Switching careers means changing up your resume

04.08.2013


After you've been out of the job market for a few years, getting back into it can come with new challenges that you hadn't anticipated. Whether this is the technology that has been developed, new networking strategies or just the state of the economy, the job search process has evolved. 

But one of the first – and most important – factors to consider when switching careers is how your resume reflects what you've already accomplished, what you hope to achieve in the near future and why you would be a great addition to any business team. 

According to AOL Jobs, the most obvious reason for people to consider a career change recently has been the lingering effects of the recession. While some workers have decided to hone their skills in one particular area to hold onto their current jobs, others are preparing to explain to employers that they're well suited for a job in which they have little experience. 

The best way to do this is to create a resume specifically to show a potential employer that you've got what it takes to make it in a new career, no matter your familiarity with the job. 

To start, the media outlet stated, do away with the "functional" resume. Although several new trends have emerged in the world of resume writing – from Venn diagrams to colors and graphs – most hiring experts agree that it's wise to stick with a simple, chronological resume. Rather than formatting the document so certain skills and jobs are underscored, list your experience starting with the most recent.
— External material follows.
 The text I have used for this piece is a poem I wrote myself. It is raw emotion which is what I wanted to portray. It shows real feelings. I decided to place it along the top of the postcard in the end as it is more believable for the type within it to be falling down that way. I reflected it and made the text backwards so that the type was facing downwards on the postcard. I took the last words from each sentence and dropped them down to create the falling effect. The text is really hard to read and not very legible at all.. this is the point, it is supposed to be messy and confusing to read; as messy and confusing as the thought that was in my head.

Deviating from this format could potentially throw the hiring manager for a loop. 

Make it unique
This isn't to say, however, that your resume shouldn't be customized for every job you apply to. It's crucial to write your resume with a specific job description in mind, and although you should never lie or bolster your credentials beyond reason, it can be beneficial to make sure the qualifications you list are needed for the desired position. 

"Everything you've done in other jobs [has] to inform why you should be considered," said one career coach told the news source.
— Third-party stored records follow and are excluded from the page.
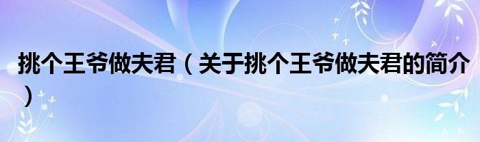 大家好,挑個王爺做夫君,關于挑個王爺做夫君的簡介很多人還不知道,現在讓我們一起來看看吧!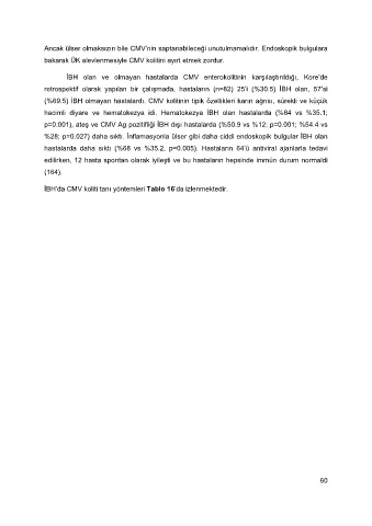 (%69.5) İBH olmayan hastalardı. CMV kolitinin tipik özellikleri karın ağrısı, sürekli ve küçük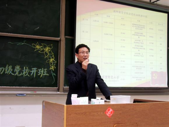 党委书记张杰老师、党委副书记朱冬梅老师,团委书记支景老师及辅导员李晓亮老师出席了本次活动。本次活动由支景老师主持。支景老师介绍了教师院分党校成立的相关工作、党校课程安排及要求。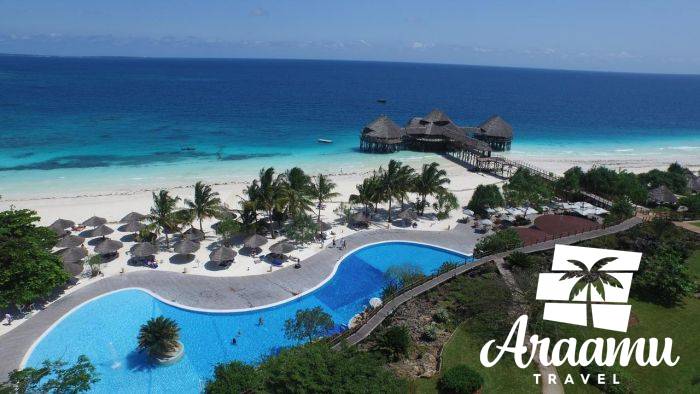 Közvetlenül a sziget északi végének strandján, Nungwi közelében, kb. 45 km-re a város központjától. Úticél repülőtér: Zanzibár, kb. 50 km.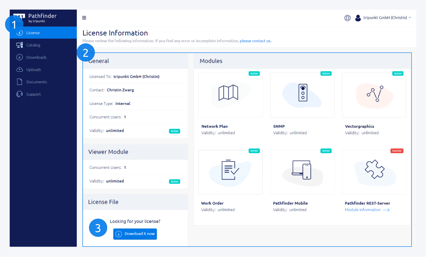 You can enter your GUID/ Pathfinder ID/ Start Code here (2). You can find the license key in the welcome email sent to your inbox from tripunkt.

You can also personalize your resume by including skills and passions that your competition may not have. In a career switch, it's possible you could be striving for the same position as someone who has more than 10 years of experience in the field. To convince managers you're the one for the job, you'll need to identify a few traits that mean as much or more to the employer as experience. 

"You've got to know what sets you apart," the career coach added. 

Confidence
Make sure your resume conveys the confidence you carry and makes you believe a career switch is a good move. This means highlighting any accolades you received in previous jobs, and not being afraid to go into detail about why you deserved them. 

"The resume has to be about achievements and outcomes – not tasks [or] projects," the career coach said, according to the news source. 

However, don't compromise realistic opportunities for confidence. Stay grounded in your search, and understand that breaking into a new field is a difficult process, especially in the subdued hiring climate. 

According to Career Path, you'll have the best chance for success if you take the time to learn about the field you hope to switch into. Before you even begin job searching, do research online, use social media to connect with people at a company in your preferred industry and even try to set up informational interviews with professionals in the field. 

While it may sound daunting, a career change can be a great move, even in an economy as uncertain as today's.